一人飲んでいたバーの隣の席にやって来たのが伝統を重んじる呉服屋の主人。
老舗の味、オールドボトルこそ至高と信じる呉服屋の前で佐島が飲んでいたのは現行品の水割り。
何を感じたのか呉服屋の主人は佐島を何軒も連れまわすが佐島はどこに行っても「水割り」を頼んでいた。
佐島の飲みかたに我慢の限界を超えてしまった呉服屋の主人は佐島を怒鳴りつける「ウイスキーはストレートで味わう!それが本当の飲み方だ!」
話を聞いて佐島が銀座でバーテンダーの職を求めているのを知った呉服屋の主人は、バーテンダーとは、銀座のバーテンダーとはを語り、佐島が銀座で働くのは迷惑だと断じる。

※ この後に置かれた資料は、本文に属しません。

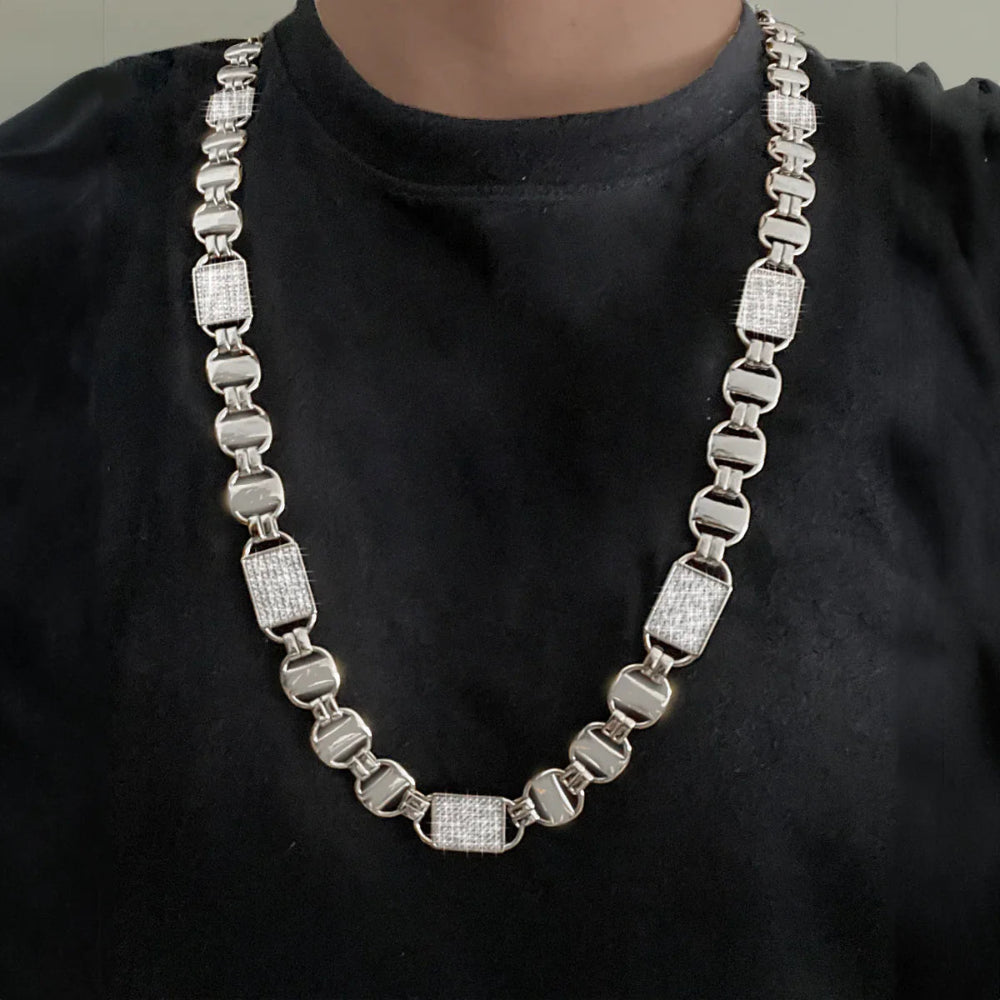 Design: Wide and heavy link structure with a polished iced-out finish

佐島はパリで誘ってくれた守谷のバーで働くことに。そこに現れた呉服屋の主人。
何か作れと言われた佐島が「水割」を提供して・・・
「バーテンダー」と作画は違いますが原作者は同じです。
だからということでもないのでしょうが初めは「水割り」にまつわるストーリーです。
「辛いから」「強いから」水割りにするというのが一般的な感覚で、そういう水割りは「薄めること」が目的で、当然そうなると味はそれなりです。そもそもそういうものしか求めていないのだからそれでいいのかもしれません。
でもしっかりしたお酒を適切に割ってあげると確かに美味しさが変わるんです。
とげが取れて香りを甘みは変わらない。そりゃ少しは薄くなりますがバランスが壊れることなくおいしいと感じられる。それが本当の水割りであり「カクテル」なんだということですね。
「何も足さない、何も引かない」が極上なのはおそらく疑いようのない事実だと思いますが、状況に応じて「水割り」をも楽しめる大人ってカッコいいと思います。
はじまりは「バーテンダー」と同じお題でしたが、「銀座ならでは」のエピソードや、佐島がパリで実績を積んできたとはいえ「サービスマン」としてまだまだ成長の余地があって、それを「銀座の重鎮」たちが教えてくれる。読む側も人生を豊かにしてもらえる気持ちになります。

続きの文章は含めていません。